I suppose, but does it make sense to develope an ethical that causes the ethical to be exploited at the expense of the unethical?

I’m confused here. Are we talking about an ethical system or a system of law? Ethical systems obviously bind only those who follow them.

From what I can tell Harris is proposing this system as the best ethical system for the world to take. And I agree it would be very good for the group (humanity as a whole) but the individuals who make up this system could extract benefits by defecting from the strategy. The system would only work if individual humans were to start acting different from how they always have.

Yeah, of course. That’s why Harris is bothering to propose it. If we already acted that way, why propose it?

But how could it work? It is like communism. A nice idea for another species.

I’ve read this thread all the way through (it’s short, after all) three times in the last 24 hours. I’m not clear what is the question/debate. As I read the OP, Harris (with whose work I’m not familiar) is arguing for a pragmatic theory of ethics, as distinguished from a purely logical one. If that’s the issue, I tend to agree. Ethics is a rubric we use for establishing rules for getting along with one another. If the rubric works, it’s a good one. If not, then not.

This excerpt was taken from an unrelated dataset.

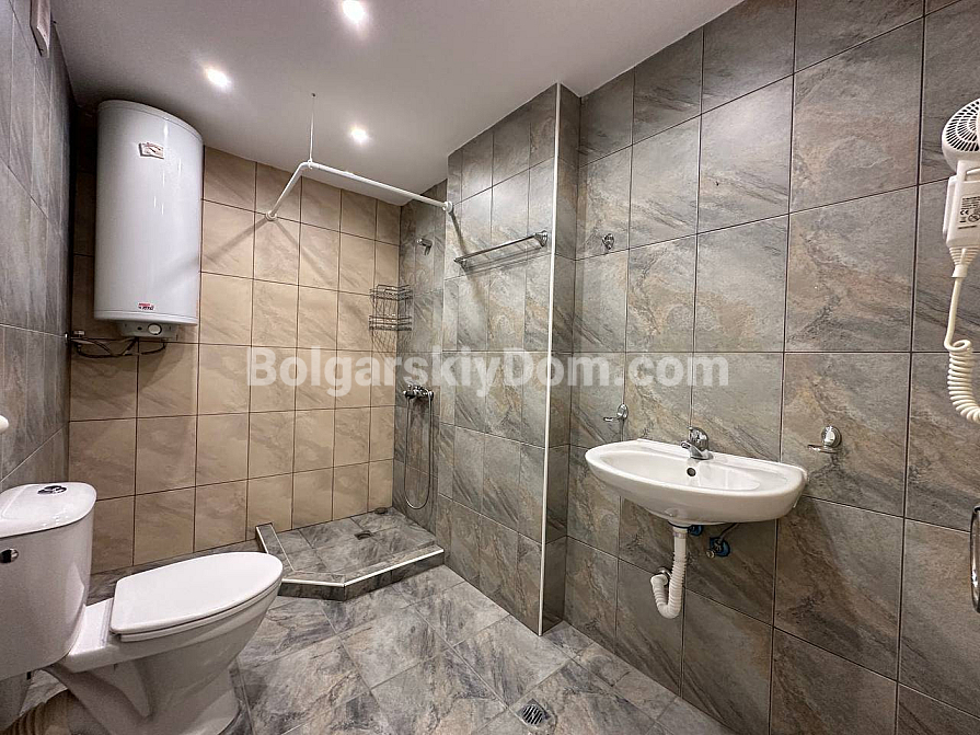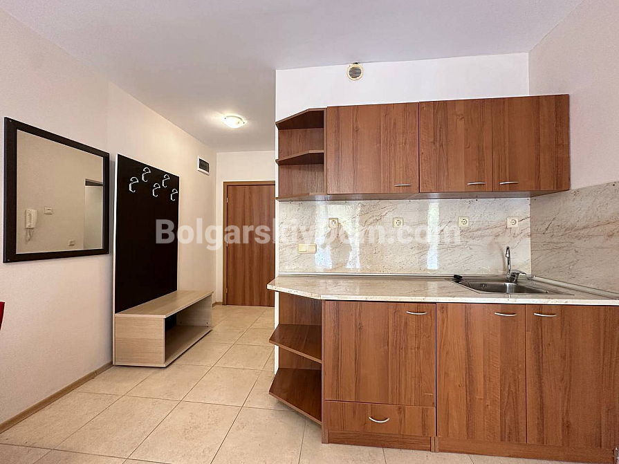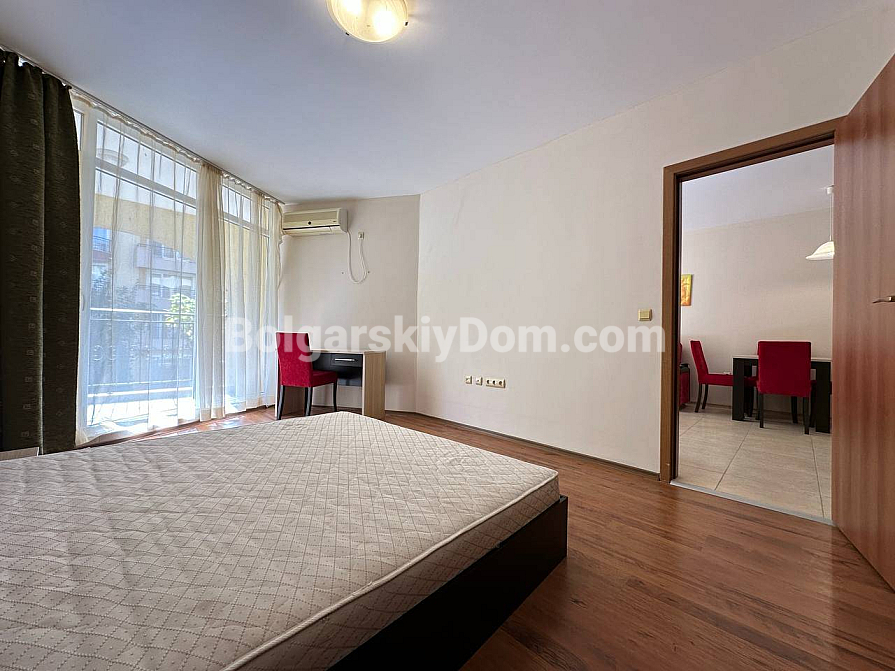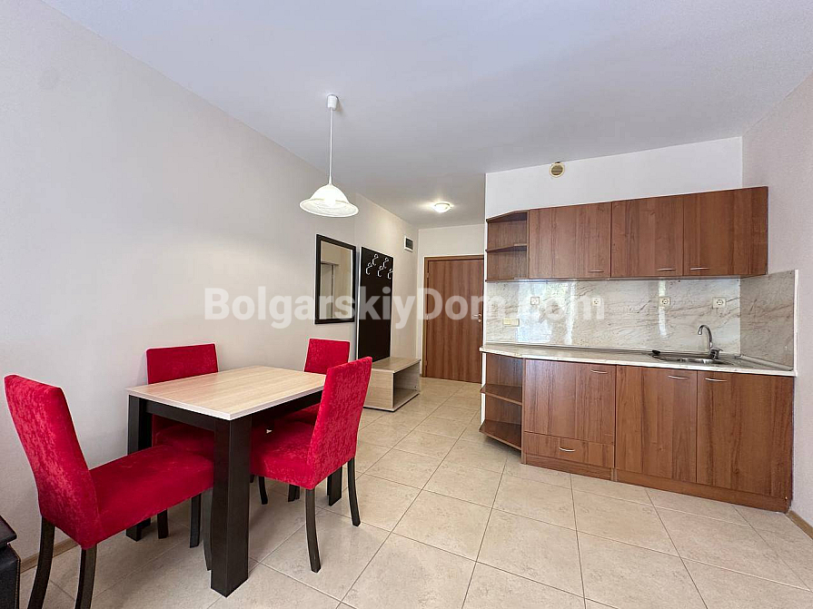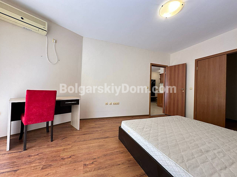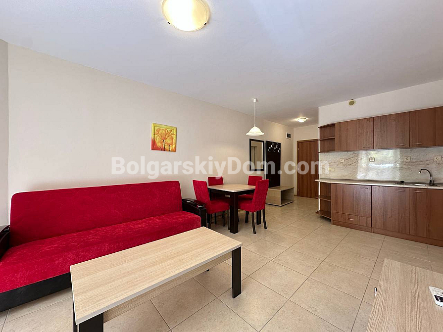 Das Team der Agentur Bolgarskiy Dom hat für Sie die perfekte Option mit einer seltenen Kombination von Vorteilen gefunden: Nähe zum Meer, ein einzugsfertiges Interieur und eine unglaublich niedrige Jahresgebühr! Wir präsentieren Ihnen ein gemütliches Apartment mit 59 qm im Komplex Aivazovsky Park in Pomorie. Die Wohnung befindet sich im dritten Stock, mit einem durchdachten Grundriss und moderner Ausstattung. Hier erwarten Sie ein geräumiges Wohnzimmer mit einem großen ausziehbaren Sofa sowie eine voll ausgestattete Küchenzeile: Herd, Dunstabzugshaube, Mikrowelle und viel Stauraum sind bereits vorhanden. Hochwertige Möbel und Haushaltsgeräte sind im Preis inbegriffen, und die großen Fenster füllen das Interieur in sanften Tönen mit natürlichem Licht. Die Wohnung ist komplett bezugsfertig!

Am I missing something? If so, what?

It is actually quite interesting.

Are Ethics subject to a form of Darwinian Evolution ?

  • like are Ethics innate because that leads to survival
  • as a joke ‘The Selfish Ethic’

I did not know about Harris, but I ran into this in the lateish 1970’s, and was extremely interested. If you do a search on SD for FRDE and PARFITT you’ll find a crude explanation of what got my attention.

Somehow I suspect that the ideas were evolving in the mid 1970’s and that the attributions are based on survival.

To explain, it is possible that we are programmed to behave in certain ways because of evolution - this would be handy because ‘God’ only seems to want to communicate with us by musty tomes, much mis-transcribed, or some strange people with chemically dissordered brains.

Crudely put, ‘I behave this way because otherwise my grandfather would have died before producing my father’ is quite a neat way of explaining things.

There are interesting by products, marrying Game Theory with Evolution gives one enough of a glimpse of ‘The Meaning of Life and Everything’ to come up with a framework for despising quite a lot of assertions/assumptions that just don’t stand up.

In some ways, this is all old stuff, consider the Vampire that walks in daylight

  • yet there is more in it, the mechanistic framework of the Prisoner’s Dilemma is a simple way of demonstrating that ‘Justice is not Fairness’
  • it is just the consistency of the rules that matter

My opus would be ‘Why did Rawles Exist ?’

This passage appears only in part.